# Work instruction
Find the line with "[명품] AZ T066" in the entries below. Repeat it, every following line, and the line with "วันที่ 16 ธ.ค.2567", exactly and with nothing added.

# Records to process
◇ ◇ ◇

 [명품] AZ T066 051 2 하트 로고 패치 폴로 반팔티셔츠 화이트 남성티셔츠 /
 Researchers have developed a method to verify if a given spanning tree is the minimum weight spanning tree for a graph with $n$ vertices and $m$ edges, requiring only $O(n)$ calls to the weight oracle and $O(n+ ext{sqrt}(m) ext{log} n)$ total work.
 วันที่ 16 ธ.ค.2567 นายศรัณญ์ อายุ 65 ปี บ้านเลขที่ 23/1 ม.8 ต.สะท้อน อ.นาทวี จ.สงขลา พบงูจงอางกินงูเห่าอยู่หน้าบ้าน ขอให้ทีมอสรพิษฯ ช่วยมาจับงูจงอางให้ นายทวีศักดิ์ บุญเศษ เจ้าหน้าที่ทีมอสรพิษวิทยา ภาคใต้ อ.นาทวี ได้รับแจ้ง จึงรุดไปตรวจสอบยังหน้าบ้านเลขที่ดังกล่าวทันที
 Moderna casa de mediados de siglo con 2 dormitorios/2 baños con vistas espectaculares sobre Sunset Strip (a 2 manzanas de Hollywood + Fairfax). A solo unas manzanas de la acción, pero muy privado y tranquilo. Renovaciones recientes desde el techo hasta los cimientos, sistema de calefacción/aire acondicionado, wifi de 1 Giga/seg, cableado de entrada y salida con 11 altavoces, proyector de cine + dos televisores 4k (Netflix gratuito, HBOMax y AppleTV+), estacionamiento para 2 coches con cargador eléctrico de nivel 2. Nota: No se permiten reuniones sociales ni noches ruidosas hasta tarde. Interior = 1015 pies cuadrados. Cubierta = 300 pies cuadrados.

◇ ◇ ◇

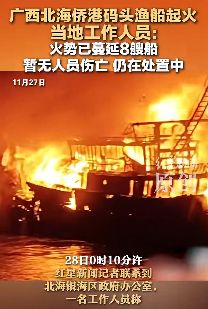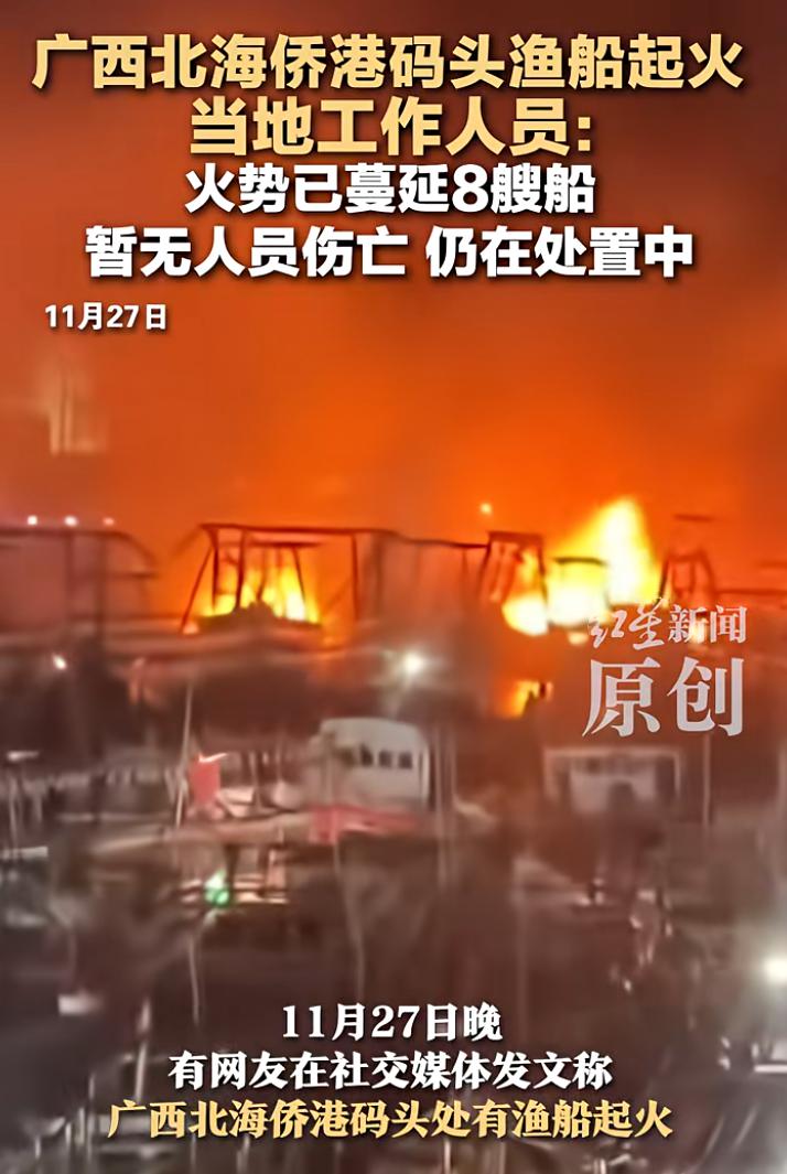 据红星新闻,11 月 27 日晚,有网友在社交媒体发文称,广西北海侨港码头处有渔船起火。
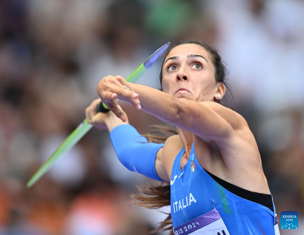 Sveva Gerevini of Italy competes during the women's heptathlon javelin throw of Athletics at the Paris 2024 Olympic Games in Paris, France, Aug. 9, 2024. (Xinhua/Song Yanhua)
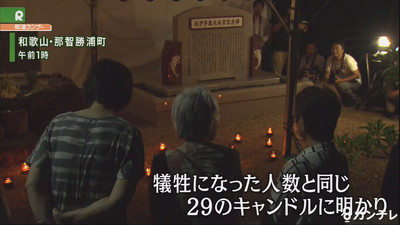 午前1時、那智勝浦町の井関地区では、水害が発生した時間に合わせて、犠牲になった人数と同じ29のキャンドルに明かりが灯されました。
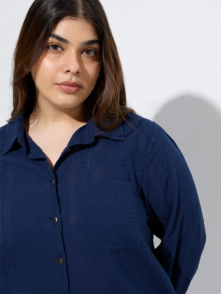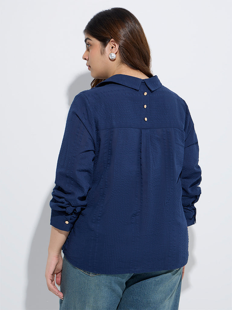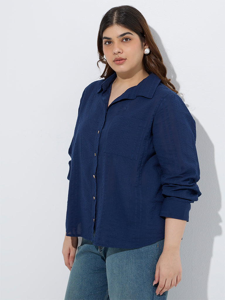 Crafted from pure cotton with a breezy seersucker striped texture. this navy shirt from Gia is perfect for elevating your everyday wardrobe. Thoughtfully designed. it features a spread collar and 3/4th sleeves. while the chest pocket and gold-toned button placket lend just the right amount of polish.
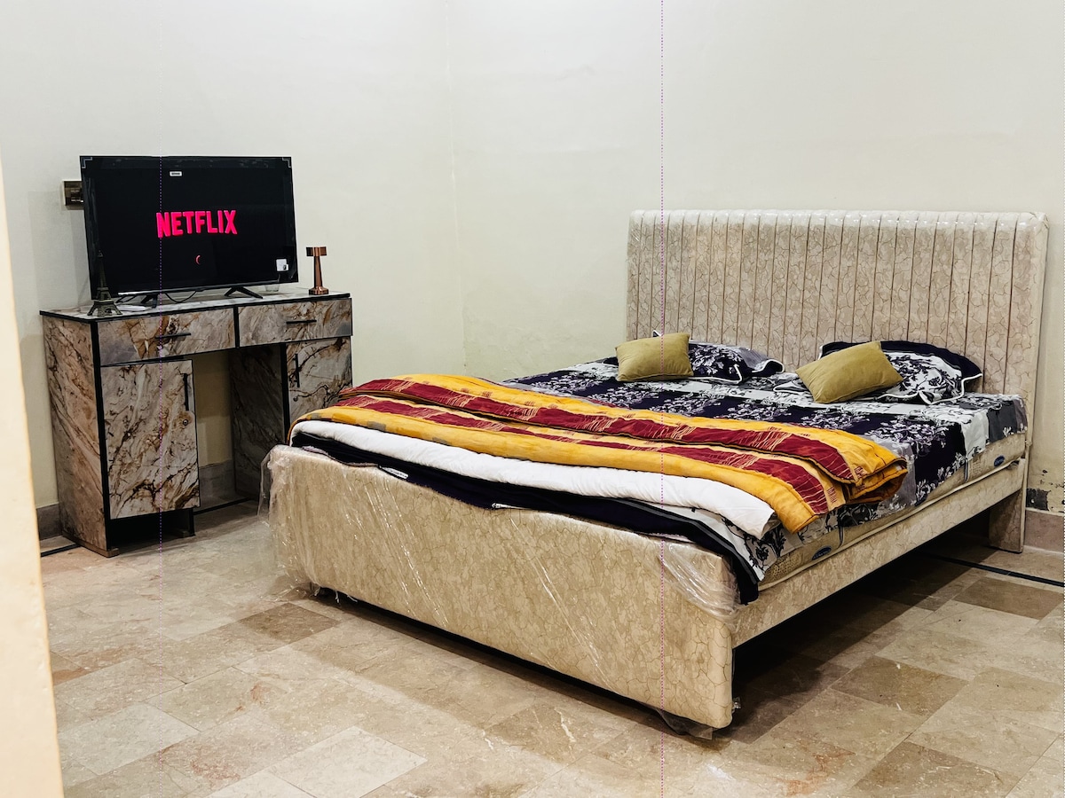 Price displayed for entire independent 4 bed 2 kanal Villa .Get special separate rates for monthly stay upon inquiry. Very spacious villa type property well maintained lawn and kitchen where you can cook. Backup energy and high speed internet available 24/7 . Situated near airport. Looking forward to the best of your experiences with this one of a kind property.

◇ ◇ ◇

# Exercise answer
 [명품] AZ T066 051 2 하트 로고 패치 폴로 반팔티셔츠 화이트 남성티셔츠 /
 Researchers have developed a method to verify if a given spanning tree is the minimum weight spanning tree for a graph with $n$ vertices and $m$ edges, requiring only $O(n)$ calls to the weight oracle and $O(n+ ext{sqrt}(m) ext{log} n)$ total work.
 วันที่ 16 ธ.ค.2567 นายศรัณญ์ อายุ 65 ปี บ้านเลขที่ 23/1 ม.8 ต.สะท้อน อ.นาทวี จ.สงขลา พบงูจงอางกินงูเห่าอยู่หน้าบ้าน ขอให้ทีมอสรพิษฯ ช่วยมาจับงูจงอางให้ นายทวีศักดิ์ บุญเศษ เจ้าหน้าที่ทีมอสรพิษวิทยา ภาคใต้ อ.นาทวี ได้รับแจ้ง จึงรุดไปตรวจสอบยังหน้าบ้านเลขที่ดังกล่าวทันที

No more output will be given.